**Records**
====================
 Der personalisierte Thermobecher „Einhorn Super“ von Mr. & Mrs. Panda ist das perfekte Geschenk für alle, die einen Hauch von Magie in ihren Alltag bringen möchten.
====================
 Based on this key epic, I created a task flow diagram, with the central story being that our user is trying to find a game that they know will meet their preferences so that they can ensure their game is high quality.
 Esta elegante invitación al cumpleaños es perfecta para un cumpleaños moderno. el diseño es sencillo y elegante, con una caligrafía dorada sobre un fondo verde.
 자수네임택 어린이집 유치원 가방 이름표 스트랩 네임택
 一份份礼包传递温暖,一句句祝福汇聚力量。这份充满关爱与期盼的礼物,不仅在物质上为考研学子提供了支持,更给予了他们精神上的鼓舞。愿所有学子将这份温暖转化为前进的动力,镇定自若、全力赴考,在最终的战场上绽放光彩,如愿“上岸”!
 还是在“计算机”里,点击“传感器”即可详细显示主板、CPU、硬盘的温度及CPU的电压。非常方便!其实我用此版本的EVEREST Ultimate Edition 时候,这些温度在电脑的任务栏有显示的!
====================
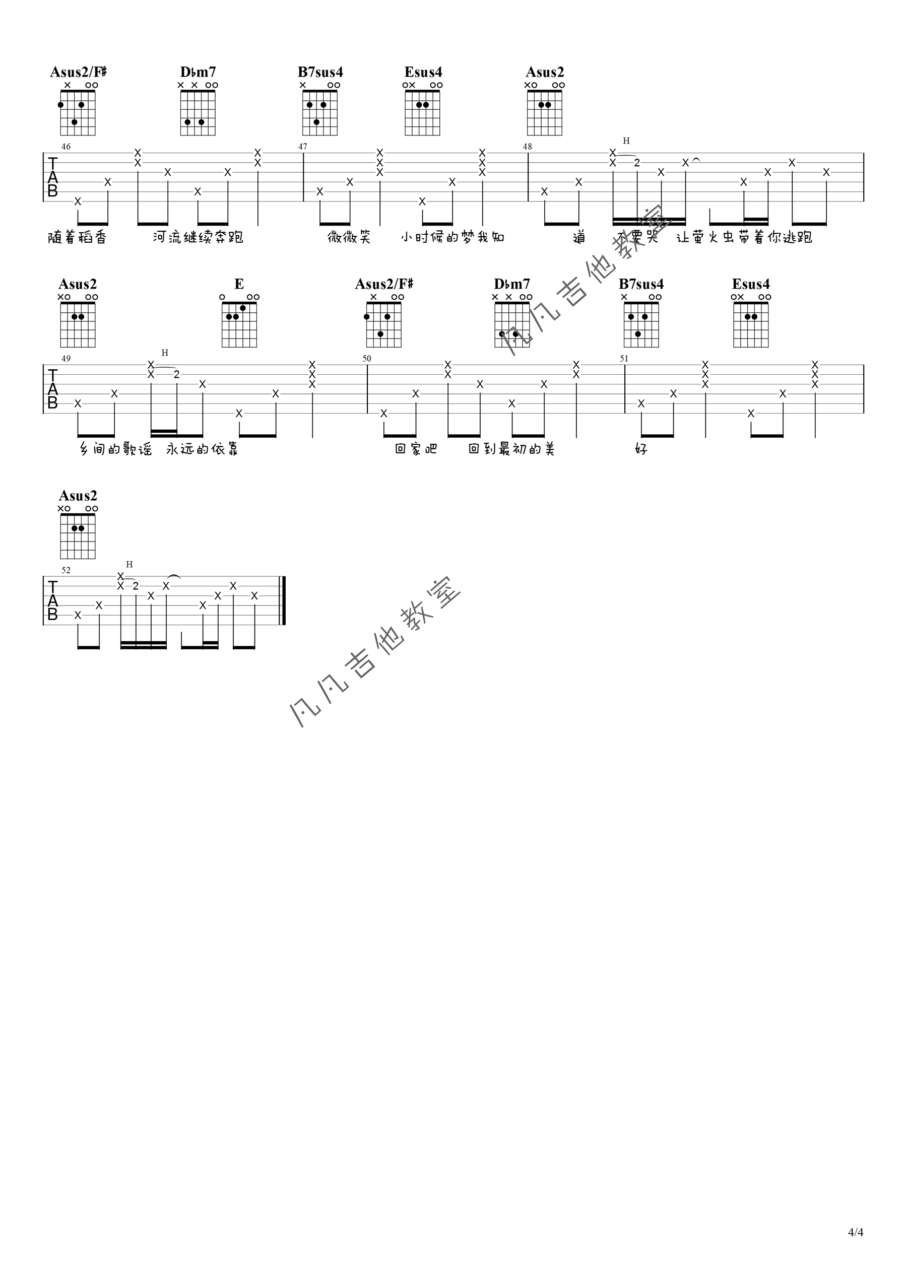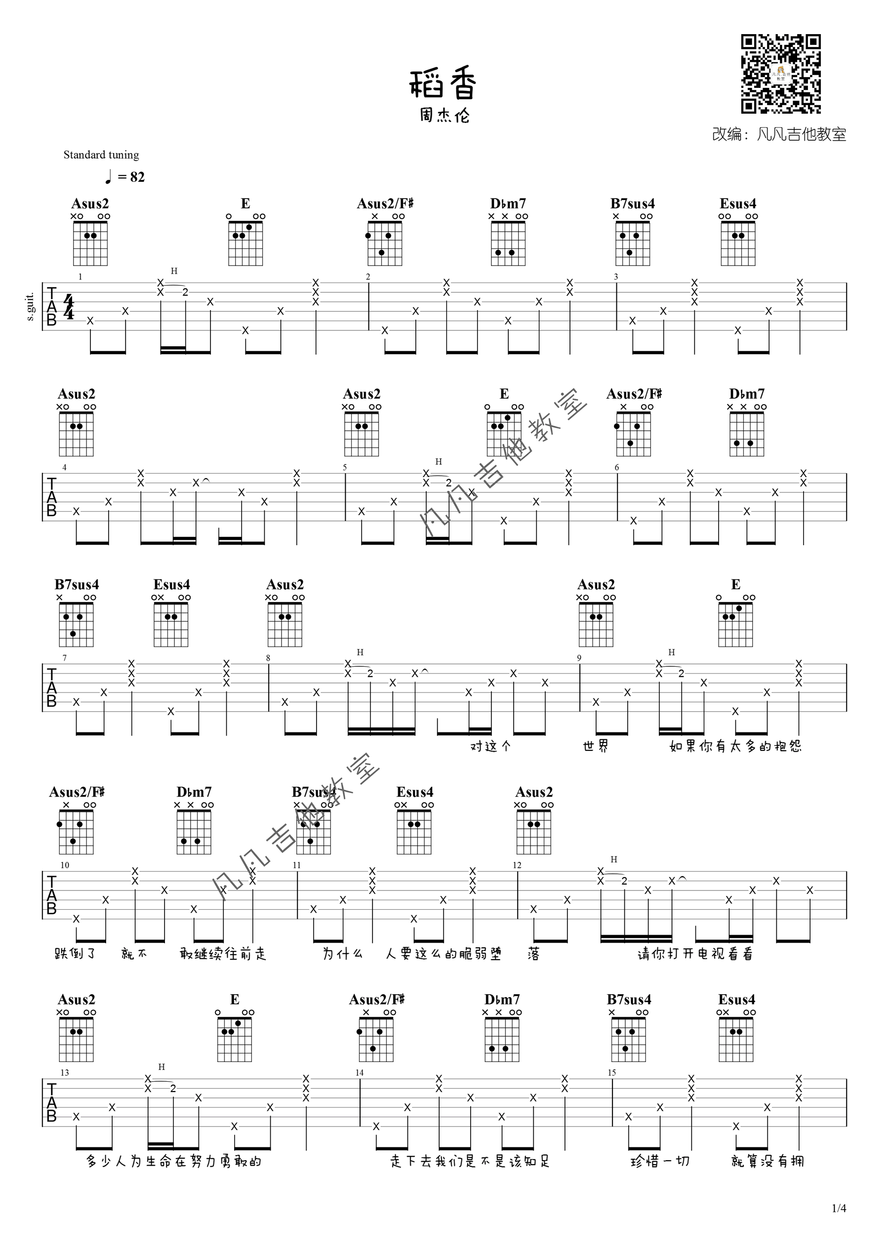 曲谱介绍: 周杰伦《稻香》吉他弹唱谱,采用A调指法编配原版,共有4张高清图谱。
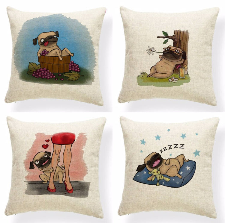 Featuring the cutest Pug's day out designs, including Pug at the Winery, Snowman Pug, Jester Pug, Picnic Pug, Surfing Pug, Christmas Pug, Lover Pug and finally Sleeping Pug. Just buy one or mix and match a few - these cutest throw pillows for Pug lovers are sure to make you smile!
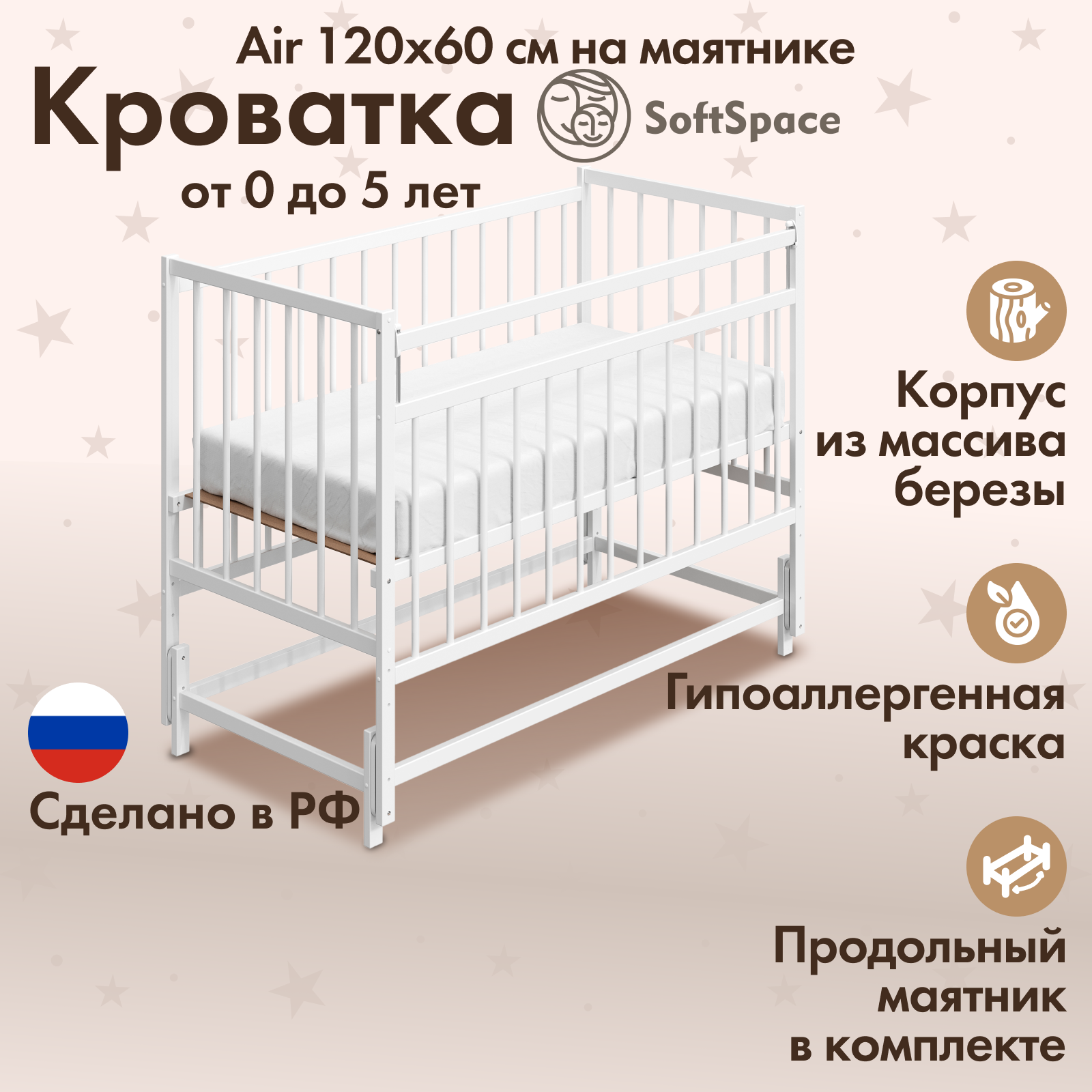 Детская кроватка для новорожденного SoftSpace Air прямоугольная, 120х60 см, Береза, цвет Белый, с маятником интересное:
====================
**Requirement**
Referring to the material above, set down exactly the lines between the line with "자수네임택 어린이집 유치원 가방 이름표 스트랩 네임택" and the line with "Ultimate Edition 时候,这些温度在电脑的任务栏有显示的!", inclusive, and no other lines.

**Answer space**
 자수네임택 어린이집 유치원 가방 이름표 스트랩 네임택
 一份份礼包传递温暖,一句句祝福汇聚力量。这份充满关爱与期盼的礼物,不仅在物质上为考研学子提供了支持,更给予了他们精神上的鼓舞。愿所有学子将这份温暖转化为前进的动力,镇定自若、全力赴考,在最终的战场上绽放光彩,如愿“上岸”!
 还是在“计算机”里,点击“传感器”即可详细显示主板、CPU、硬盘的温度及CPU的电压。非常方便!其实我用此版本的EVEREST Ultimate Edition 时候,这些温度在电脑的任务栏有显示的!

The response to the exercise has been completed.